DataBinder is a library that allows developers to bind data from Java objects to XML or SQL statements. It is available in JDK 9 and newer.
DataBinder allows the binding of Java objects to XML, SQL, or other data sources. The DataBinder can be configured by binding expressions and validation rules. In this case, the vulnerable code was executed because it was allowed to use unchecked input.
Vulnerability Description
A vulnerability in the Spring Boot application allows an attacker to execute arbitrary code on the targeted system if it is running JDK 9. The vulnerability is due to a known bug in the JDK 9 implementation of DataBinder. It is possible for an attacker to take advantage of this bug by creating a data binding expression containing a Java expression that evaluates to a reference value and then calling setResultData or getResultData with this expression. This will cause DataBinder to replace its own internal state with the new data, which can be controlled by the user. The particular expression that needs to be run is controlled by the type of data being bound, validation rules, and/or the value of data. There are several ways for an attacker to exploit this vulnerability such as selecting one of these controls and replacing their own internal state with new values when creating a binding expression.
Vulnerability details
DataBinder is a utility class that provides an overall wrapper for data access, manipulation, and conversion. It takes care of most of the details needed to perform data binding (i.e. converting the source type to the target type, validating values, etc.). DataBinder also allows developers to provide custom converters. These are functions that are invoked when a value is converted from one type to another.

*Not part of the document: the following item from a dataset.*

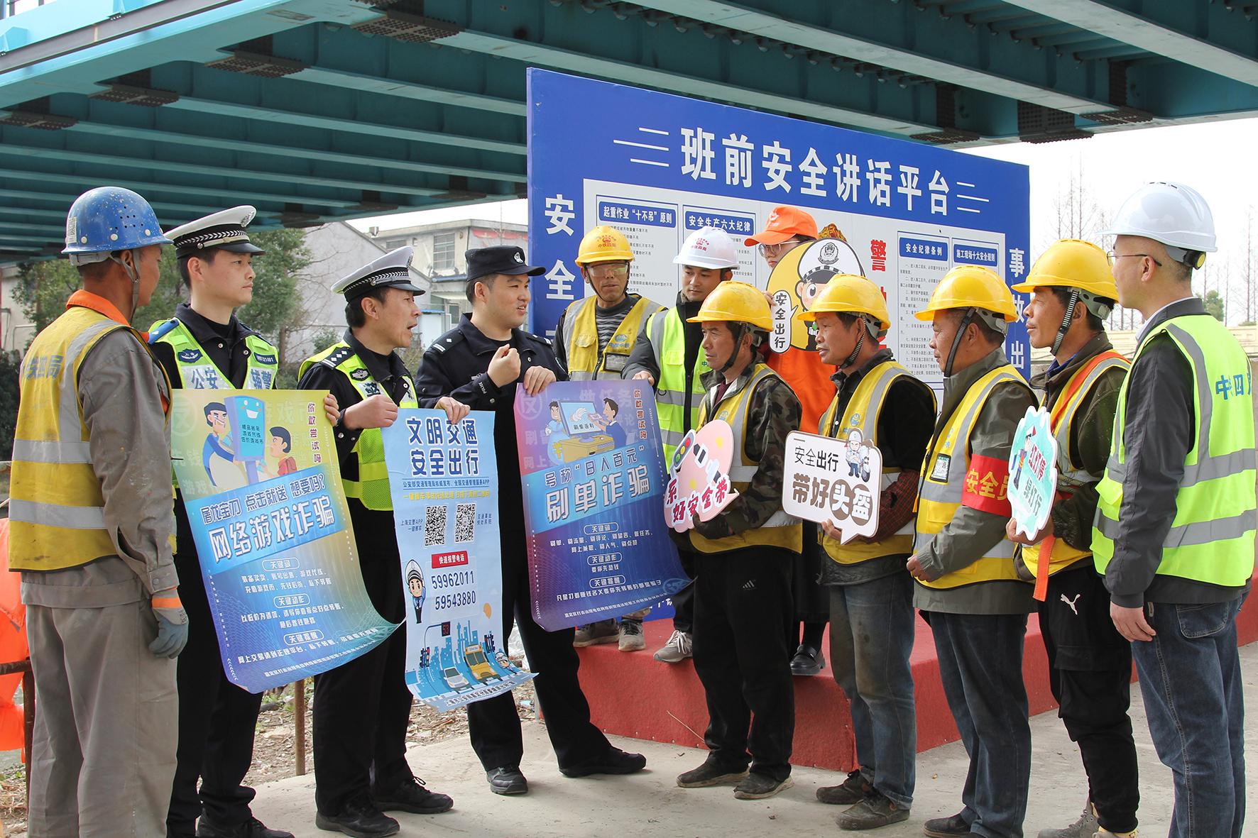 3月11日,上海市公安局嘉定分局交警支隊(duì)、徐行派出所民輔警會(huì)同平安志愿者走進(jìn)滬渝蓉鐵路滬寧段二標(biāo)二分部建設(shè)工地,向務(wù)工人員開(kāi)展交通安全、人口信息自主申報(bào)、反詐騙等知識(shí)宣講。

The problem with DataBinder is that it creates a security hole by providing not just a custom converter but also a default converter that executes any Java code passed as its argument if it has not been overridden by other custom converters or explicitly closed by the user. This means that if there was an unchecked method on class A in the JDK 9 implementation of DataBinder called “executeJava”, then any arbitrary Java code could be executed on system B by simply converting an object of class A into an object of class B using the default converter and writing some Java code on ClassA.className()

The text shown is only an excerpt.